Pourtant, même s'il s'agit plutôt d'une ruine majestueuse que d'un programme de

recherche vivant, le structuralisme organise toujours les sciences sociales, de la

linguistique à l'ethnologie. Comme la Russie attend toujours l'économie de marché qu'on

lui a promise, les post-structuralistes ne se lassent pas d'espérer la reprise du grand projet

d'expliquer le « il » par le « on ». Or, un siècle plus tôt, Tarde avait ouvert une alternative

trop vite refermée, qui permettait, sans perdre l'idéal de scientificité, de s'attacher aux

particularités des réseaux plutôt qu'aux généralités des types. « Il y a en général, plus de

logique dans une phrase que dans un discours, dans un discours que dans une suite ou un

groupe de discours (4) » (p. 115). Micro-histoire avant la lettre ? Pas du tout, car celui qui

tient le microscopique tient aussi par surcroît le macroscopique, lequel n'est pas son

explication, mais sa simplification ! Le social global n'est qu'un cas particulier, qu'un

affaiblissement, du social local(5).

Il semble qu'en sciences sociales, comme en art, le temps marche de travers et que nous

retardions parfois sur nos prédécesseurs...

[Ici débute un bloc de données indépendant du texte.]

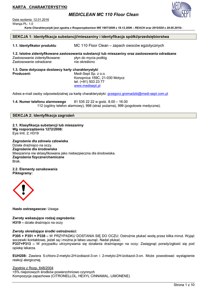 KARTA CHARAKTERYSTYKI MEDICLEAN MC 110 Floor Clean Data wydania: 12.01.2016 Wersja PL: 1.0 Karta Charakterystyki jest zgodna z Rozporządzeniem WE 1907/2006 z 18.12.2006 – REACH oraz 2015/830 z 28.05.2015r. SEKCJA 1: Identyfikacja substancji/mieszaniny i identyfikacja spółki/przedsiębiorstwa 1.1. Identyfikator produktu MC 110 Floor Clean – zapach owoców egzotycznych 1.2. Istotne zidentyfikowane zastosowania substancji lub mieszaniny oraz zastosowania odradzane Zastosowanie zidentyfikowane: płyn do mycia podłóg Zastosowanie odradzane: nie określono 1.3. Dane dotyczące dostawcy karty charakterystyki Producent: Medi-Sept Sp. z o.o. Konopnica 159C, 21-030 Motycz tel. (+81) 503 23 77 www.medisept.pl Adres e-mail osoby odpowiedzialnej za kartę charakterystyki: [email protected] 1.4. Numer telefonu alarmowego 81 535 22 22 w godz. 8.00 – 16.00 112 (ogólny telefon alarmowy), 998 (straż pożarna), 999 (pogotowie medyczne); SEKCJA 2: Identyfikacja zagrożeń 2.1. Klasyfikacja substancji lub mieszaniny Wg rozporządzenia 1272/2008: Eye Irrit. 2; H319 Zagrożenie dla zdrowia człowieka Działa drażniąco na oczy. Zagrożenie dla środowiska Mieszanina nie sklasyfikowana jako niebezpieczna dla środowiska. Zagrożenia fizyczne/chemiczne Brak. 2.2. Elementy oznakowania Piktogramy: Hasło ostrzegawcze: Uwaga Zwroty wskazujące rodzaj zagrożenia: H319 – działa drażniąco na oczy Zwroty określające środki ostrożności: P305 + P351 + P338 – W PRZYPADKU DOSTANIA SIĘ DO OCZU: Ostrożnie płukać wodą przez kilka minut. Wyjąć soczewki kontaktowe, jeżeli są i można je łatwo usunąć. Nadal płukać. P337+P313 – W przypadku utrzymywania się działania drażniącego na oczy: Zasięgnąć porady/zgłosić się pod opiekę lekarza. EUH208: Zawiera 5-chloro-2-metylo-2H-izotiazol-3-on i 2-metylo-2H-izotiazol-3-on. Może powodować wystąpienie reakcji alergicznej. Zgodnie z Rozp. 648/2004 <5% niejonowych środków powierzchniowo czynnych Kompozycja zapachowa (CITRONELLOL, HEXYL CINNAMAL, LIMONENE) Strona 1 z 10 KARTA CHARAKTERYSTYKI MEDICLEAN MC 110 Floor Clean Data wydania: 12.01.2016 Wersja PL: 1.0 Karta Charakterystyki jest zgodna z Rozporządzeniem WE 1907/2006 z 18.12.2006 – REACH oraz 2015/830 z 28.05.2015r. METHYLCHLOROISOTHIAZOLINONE, METHYLISOTHIAZOLINONE Środki powierzchniowo czynne spełniają wymogi biodegradacji zgodne z Rozp. 648/2004. Arkusz danych składników dostępny na stronie: www.medisept.pl 2.3. Inne zagrożenia Brak dodatkowych zagrożeń Brak informacji na temat spełnienia kryteriów PBT lub vPvB zgodnie z załącznikiem XIII rozporządzenia REACH. Odpowiednie badania nie były przeprowadzone. SEKCJA 3: Skład/informacja o składnikach 3.1. Substancje Nie dotyczy 3.2. Mieszaniny Niebezpieczne składniki: Identyfikator produktu Zawartość % Klasyfikacja CLP Kody zwrotów Klasa zagrożenia i wskazujących kody kategorii rodzaj zagrożenia Etoksylowane alkohole tłuszczowe C10C16 CAS: 68002-97-1 WE: Nr indeksowy: Nr REACH: substancja podlega przepisom okresu przejściowego <1,5 Acute Tox. 4 Eye Dam.1 H302 H318 Sól sodowa siarczanu 2-etyloheksylu CAS: 126-92-1 WE: 204-812-8 Nr indeksowy: Nr REACH: substancja podlega przepisom okresu przejściowego <0,5 Skin Irrit.2 Eye Dam.1 H315 H318 Acute Tox. 3 Skin Corr. 1B Skin Sens. 1 Aquatic Acute 1 Aquatic Chronic1 H331 H311 H301 H314 H317 H400 H410 mieszanina 5-chloro-2-metylo-2H-izotiazol-3-onu [nr WE 247-500-7] i 2metylo-2H-izotiazol-3-onu [nr WE 220-239-6] (3:1); CAS: 55965-84-9 WE: Nr indeksowy: 613-167-00-5 Nr REACH: substancja podlega przepisom okresu przejściowego Pełna treść zwrotów H w sekcji 16 <0,0015 Ponadto zawiera Eter monometylowy glikolu propylenowego nr CAS 34590-94-8 w stężeniu 1-3% (nr REACH: 01-2119450011-60-XXXX) SEKCJA 4: Środki pierwszej pomocy 4.1. Opis środków pierwszej pomocy W przypadku kontaktu ze skórą: Należy zdjąć zanieczyszczone ubranie, umyć zabrudzoną skórę wodą z mydłem, spłukać dokładnie wodą, w przypadku pojawienia się podrażnienia, rumieni skontaktować się z lekarzem. W przypadku kontaktu z oczami: Przepłukać oczy przez kilkanaście minut (ok. 15) dużą ilością wody, trzymając powieki szeroko rozwarte. Unikać silnego strumienia, ze względu na niebezpieczeństwo uszkodzenia rogówki, skontaktować się z lekarzem. Narażenie inhalacyjne: W razie zawrotów głowy lub nudności wyprowadzić poszkodowanego na świeże powietrze, w razie braku szybkiej poprawy zasięgnąć porady lekarza. Strona 2 z 10 KARTA CHARAKTERYSTYKI MEDICLEAN MC 110 Floor Clean Data wydania: 12.01.2016 Wersja PL: 1.0 Karta Charakterystyki jest zgodna z Rozporządzeniem WE 1907/2006 z 18.12.2006 – REACH oraz 2015/830 z 28.05.2015r. W przypadku połknięcia: Nie wywoływać wymiotów, przepłukać jamę ustną. Natychmiast skontaktować się z lekarzem. 4.2. Najważniejsze ostre i opóźnione objawy oraz skutki narażenia Układ oddechowy. Wdychanie stężonych par produktu może powodować podrażnienia błon śluzowych nosa, gardła i dalszych odcinków układu oddechowego. Przewód pokarmowy. Spożycie wywołuje podrażnienie błon śluzowych przewodu pokarmowego. Kontakt z oczami: Powoduje podrażnienia oczu Kontakt ze skórą: Może powodować podrażnienia, zaczerwienienia. 4.3. Wskazania dotyczące wszelkiej natychmiastowej pomocy lekarskiej i szczególnego postępowania z poszkodowanym Decyzję o sposobie postępowania podejmuje lekarz po ocenie stanu poszkodowanego. SEKCJA 5: Postępowanie w przypadku pożaru 5.1. Środki gaśnicze Odpowiednie środki gaśnicze: piana alkoholoodporna lub suche proszki gaśnicze (A,B,C), dwutlenek węgla (gaśnica śniegowa), piasek lub ziemia, mgła wodna. Stosować metody gaśnicze odpowiednie do warunków otoczenia. Niewłaściwe środki gaśnicze: Silny strumień wody. 5.2. Szczególne zagrożenia związane z substancją lub mieszaniną W trakcie pożaru, pod wpływem działania wysokich temperatur uwalniają się toks

(1)Gabriel Tarde, Les L ois sociales ., Paris, Les empêcheurs de penser en rond, 1999, réédition.

(2)Voir la préface de Bruno Karsenti, Les lois de l'imitation , Paris, Kimé, 1993, réédition.

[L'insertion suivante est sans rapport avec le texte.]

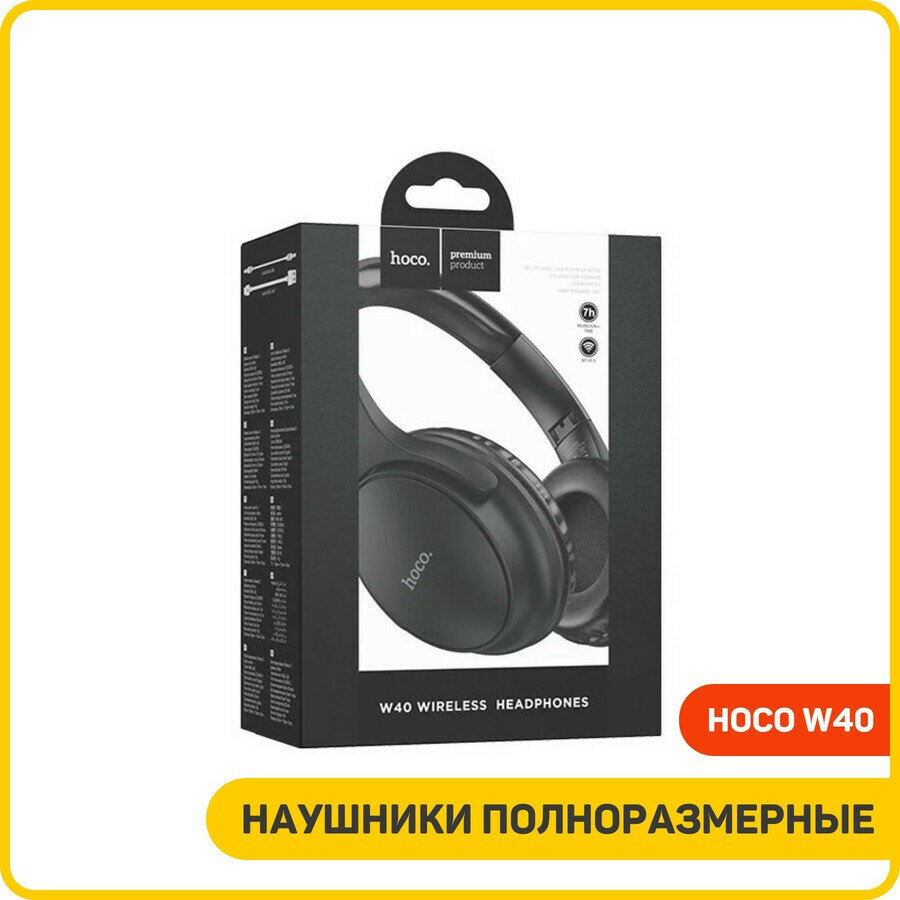 Наушники беспроводные W40 hoco с микрофоном, большие / с разъёмом для флешки, черный

(3)On trouvera dans Sperber, La contagion des idées , Paris, Editions Odile Jacob, 1996, une version naturalisée de l'un des arguments de Tarde.

(4)On lira dans le dernier livre de Sylvain Auroux, La Raison, le L angage et les normes , Paris, PUF, 1999, une destruction impitoyable du structuralisme en linguistique et sa reconstruction à partir d'un argument très « tardien » qui oblige à prendre grammaire et grammairiens comme objet d'étude.

(5)Il faut lire pour celaMonadologie et sociologie , Paris, Les empêcheurs de penser en rond, 1999, réédition, et accepter de faire de la métaphysique pour pouvoir faire de la sociologie, revenant donc sur le préjugé antiphilosophique de Durkheim.